I think he's trying to make up for it in his philanthropy. Personally I think a thief is a thief. Robin Hood or not..

As for him stirring the pot and making a statement. It's his right to do so. He'll make money no matter what happens to the economy. Though I would suspect he'll make more if the recession continues. My guess, he knew exactly what he was doing when he made this statement.

^ http://en.wikipedia.org/wiki/George_Soros#Business


US charitable foundations (Carnegie, Welcome, Gates, most private Universities etc) are there to make money for their cause - they do not exist to do good in the markets or only invest in 'nice' companies.

When a stock market pundit, wether they work for Soros, Fox News or XYZ charity publishes something about a sector - it is because their employers have an interest in it being beleived.


You're joking, right?


I'm just curious, why is Soros more likely than any other commentator to want banks' shares to decline?


He did make more than a billion dollars shorting the Bank of England...


The Bank of England is not a publicly traded corporation, so it cannot be shorted at all. It is the central bank of the United Kingdom, which functions very much like the Federal Reserve in the United States.

George Soros bet the Bank of England would have to raise interest rates by sellings short several billion pounds. When the Bank of England succumbed to reality and devalued the pound, Soros profited about 10%.

He and other serious investors profit from being rational when everyone else is doing dumb things. The idea that banks are doing dumb things today should not come as a surprise and should not be much of a hard sell.

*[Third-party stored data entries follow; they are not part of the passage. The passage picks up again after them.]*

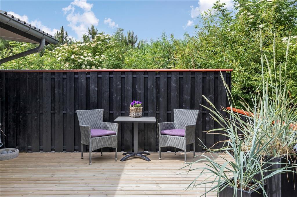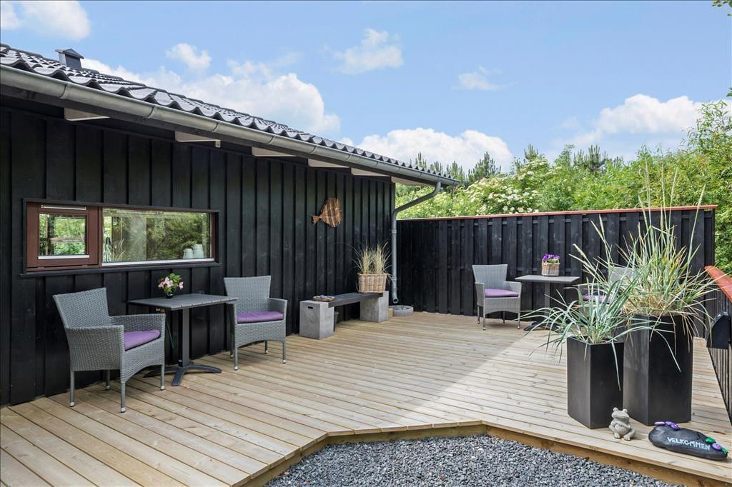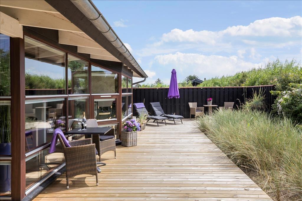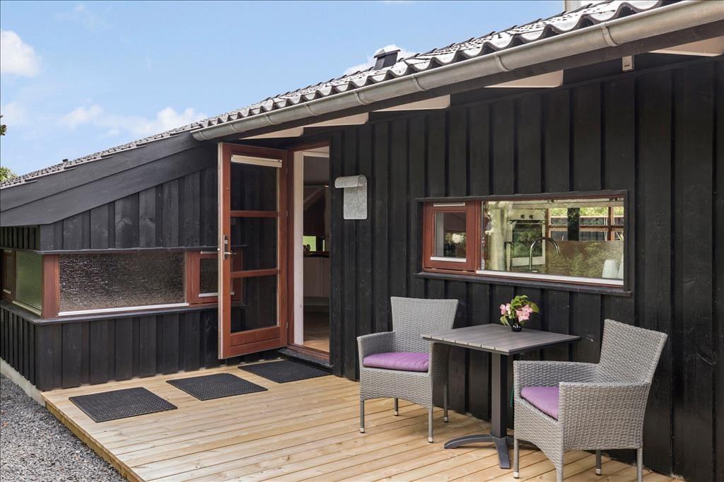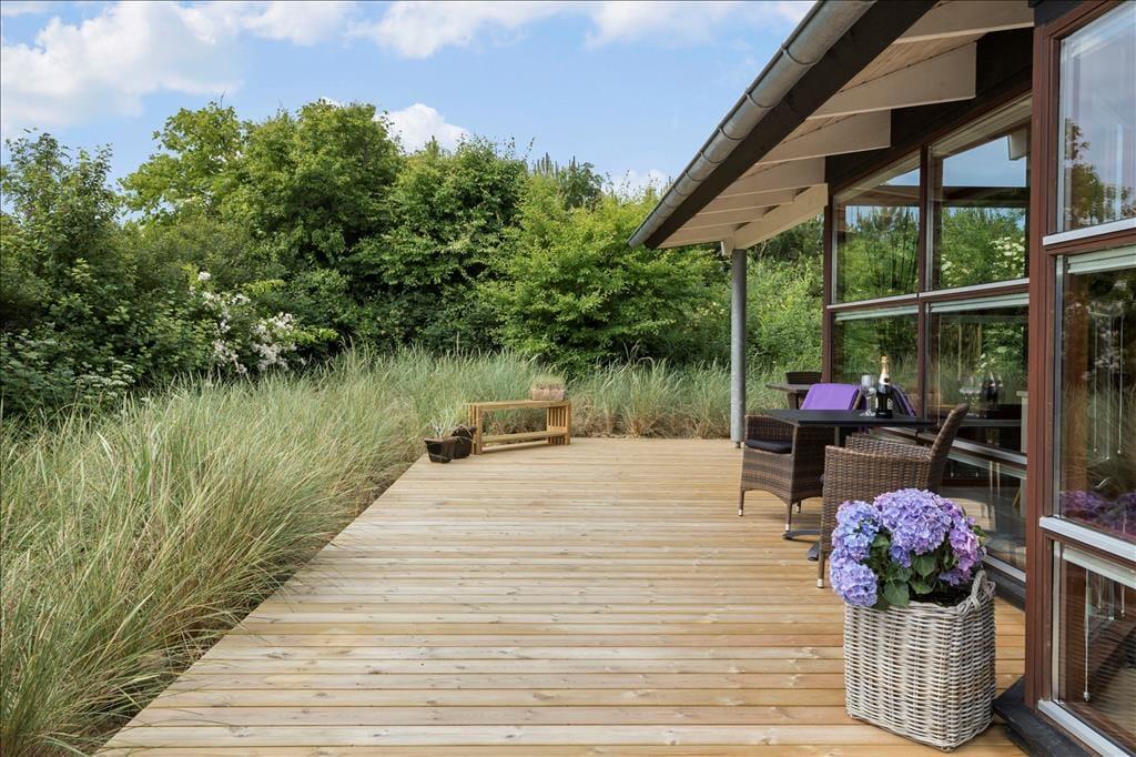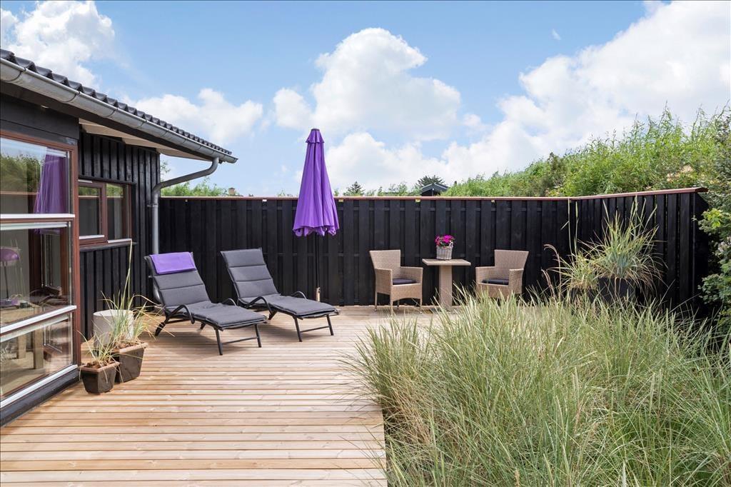 Sommerhuset har en dejlig og delvist overdækket terrasse med gode havemøbler, liggestole og grill. Her kan du sænke skuldrene og bare nyde den friske luft og de smukke omgivelser og i stille vejr lyden fra bølgerne, som slår ind mod kysten.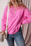 Sale Bonbon Solid Fleece Lined Drop Shoulder Terry Sweatshirt
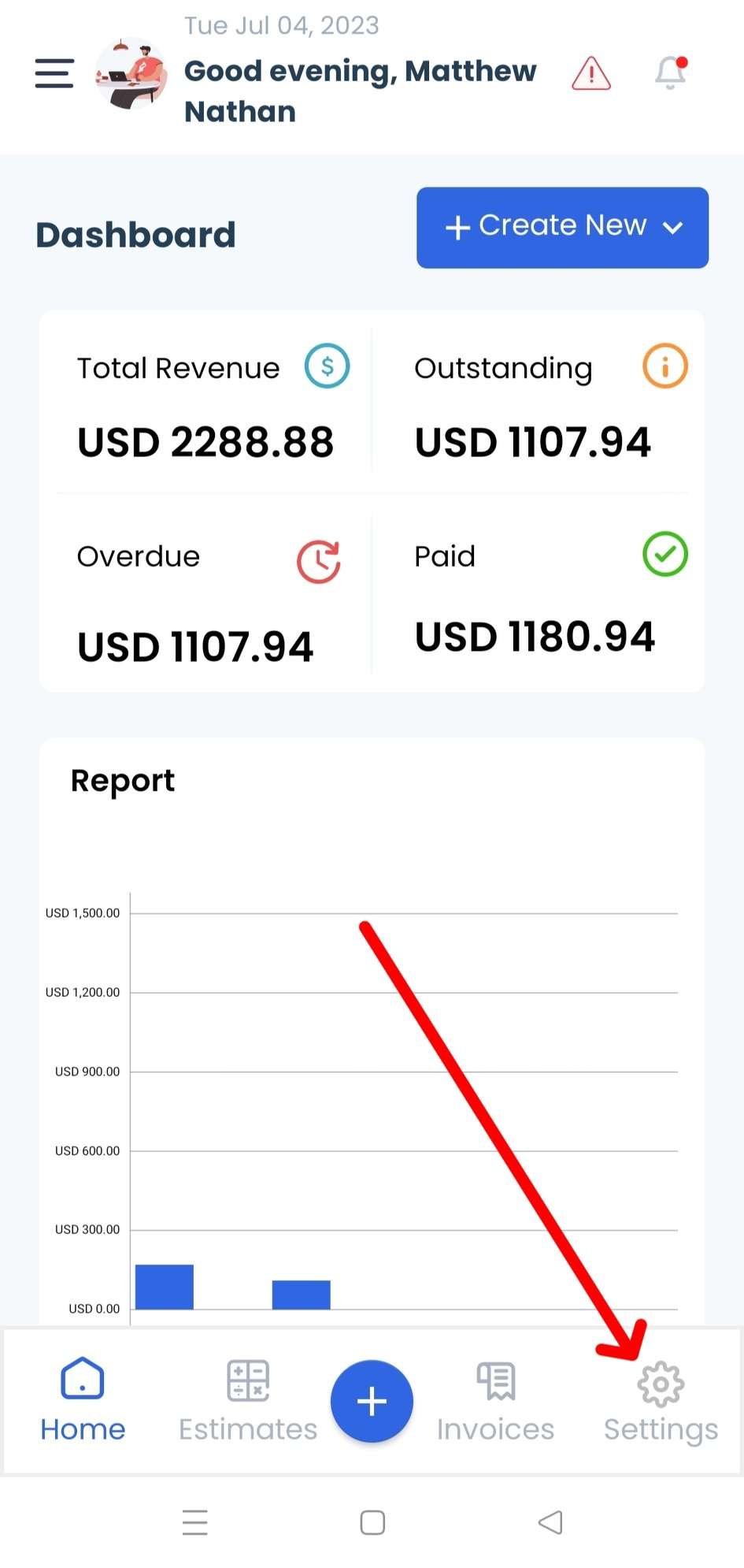 Step 1: Click on the Settings tab at the bottom of the home screen.

Soros used leverage so his actual profits were vastly greater than 10%.


You are correct. I should have thought through that more clearly.

More precisely, he made about $1b on about $10b after leverage. Who knows what his leverage may have been.

Maybe he made as much as 100% return on invested capital over the week.


How come his counterparties weren't smart enough to trade the same way he did?


That's not the point.

He's questioning Soros' motives for uttering the statement, not whether the statement is correct or not.


Why are his motives more important to us than the accuracy of the statement?


I think his statement can't influence noticeably the bank's share price. But he is a respectful voice for me, because of his public position and personal success.